Rasulullah ﷺ bersabda:
“Hiduplah di dunia seakan-akan engkau seorang musafir, atau orang asing.” (HR. Bukhari)
Seorang musafir tidak membawa beban terlalu banyak. Ia hanya membawa yang perlu untuk perjalanan. Demikianlah seharusnya manusia memandang dunia tidak terlalu melekat, tidak terlalu berat. Sebab segala yang kita genggam pada akhirnya akan kita lepaskan juga.
Maka hiduplah seperti musafir yang meninggalkan cahaya. Datang dengan niat baik, meninggalkan dunia dengan senyum. Jadikan setiap langkah berarti, setiap kata bernilai, dan setiap pertemuan menjadi keberkahan. Karena tidak ada yang lebih indah dari meninggalkan dunia dengan jejak yang dirahmati Tuhan.
Dunia ini penghuninya berganti setiap hari. Tak ada yang kekal, bahkan nama besar pun akan pudar. Tapi yang tak akan pernah hilang adalah amal yang dilakukan dengan hati yang ikhlas.

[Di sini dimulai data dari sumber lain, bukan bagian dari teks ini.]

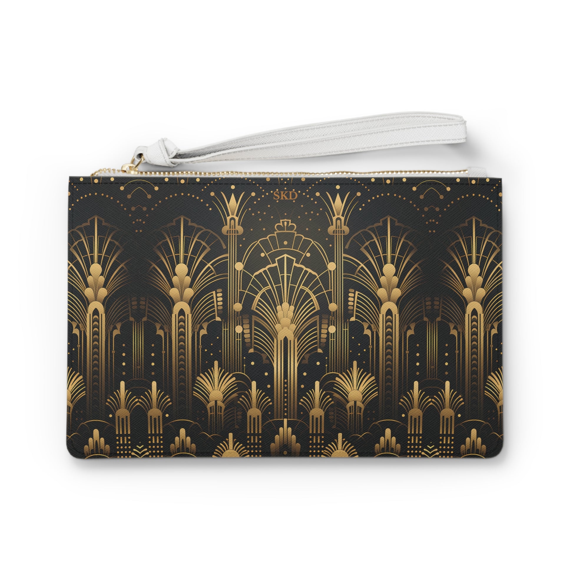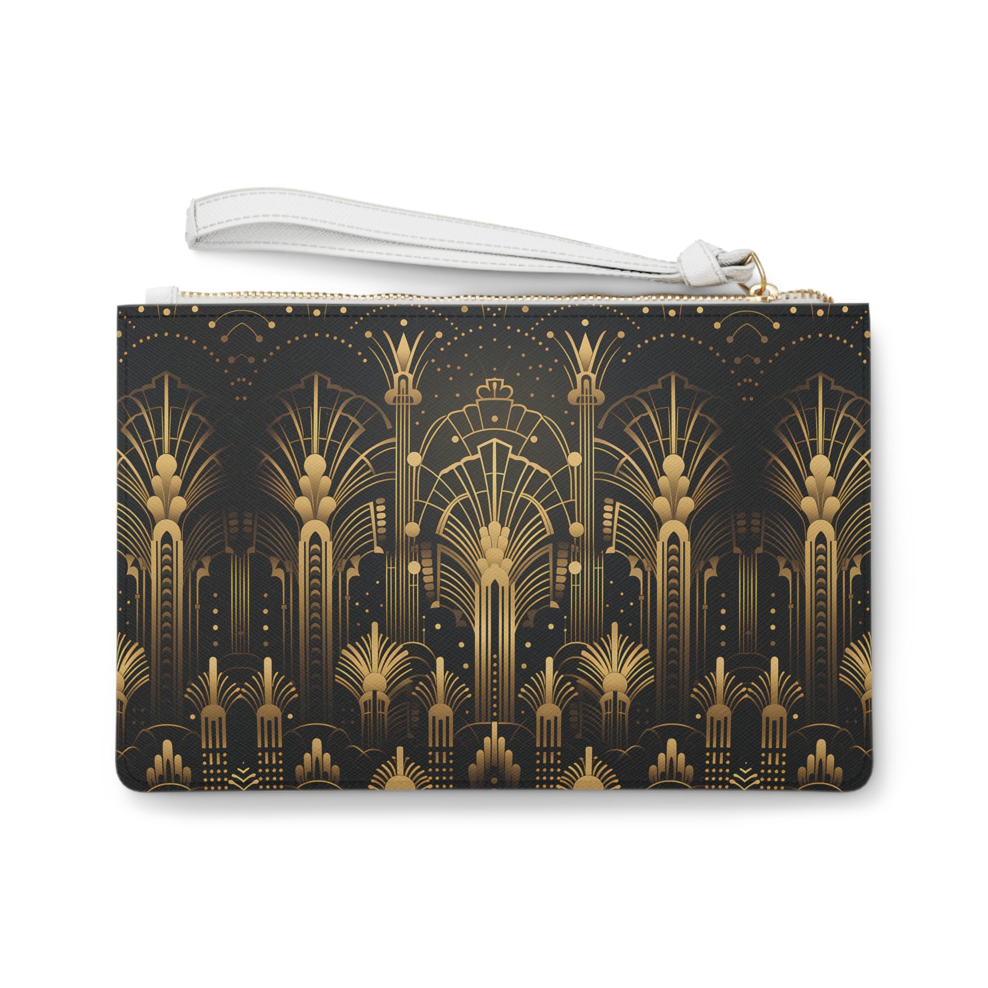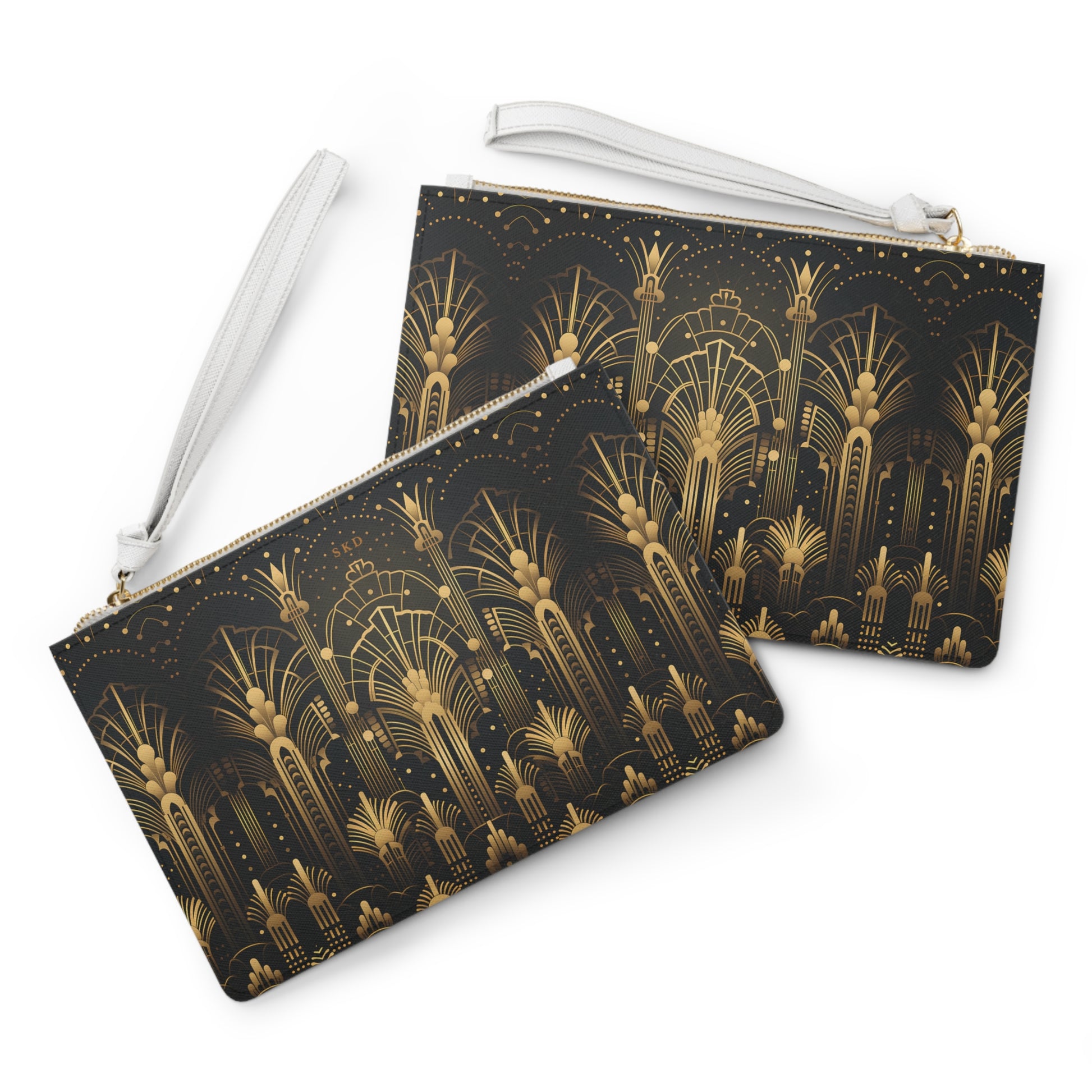 Step into timeless glamour with the Limited Edition Gatsby Opulence — the black and gold Art Deco clutch adorned with glittering geometric motifs that capture the extravagance and elegance of the Jazz Age. Crafted from premium faux leather with a sleek, polished finish, this statement accessory transitions effortlessly from a sophisticated daytime affair to an evening of dazzling sophistication. Its lightweight structure and crisp white wrist strap offer both comfort and modern contrast, while the streamlined silhouette keeps your essentials secure and organized. Perfect for cocktail parties, roaring ’20s events, or high-profile celebrations, this clutch blends vintage-inspired opulence with contemporary versatility, making it a must-have piece for those who embrace luxury with a bold edge.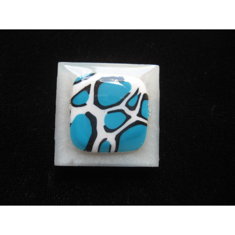 copy of Square RING, multicolored fimo cabochon, on a black resin background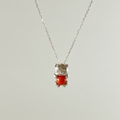 K18WG 赤珊瑚の猫のペンダント D0.01ct pd-28

Kita mungkin dilupakan oleh manusia, tapi tidak oleh langit. Setiap kebaikan, sekecil apa pun, akan kembali kepada kita, entah dalam bentuk doa, keberkahan, atau ketenangan yang Tuhan limpahkan.
Sebagaimana ditulis dalam La Tahzan:
“Janganlah bersedih atas kefanaan dunia, karena kebahagiaan sejati tidak terletak pada lamanya hidup, melainkan pada baiknya amal.”
Maka, selama napas masih berhembus, tanamlah kebaikan walau sekecil biji sawi. Karena ketika kita pergi, dunia akan tetap berputar, tapi jejak amal itu akan tetap tertulis di langit.
Dunia ini memang berganti setiap hari,
tetapi jejak kebaikanmu tidak akan pernah tergantikan.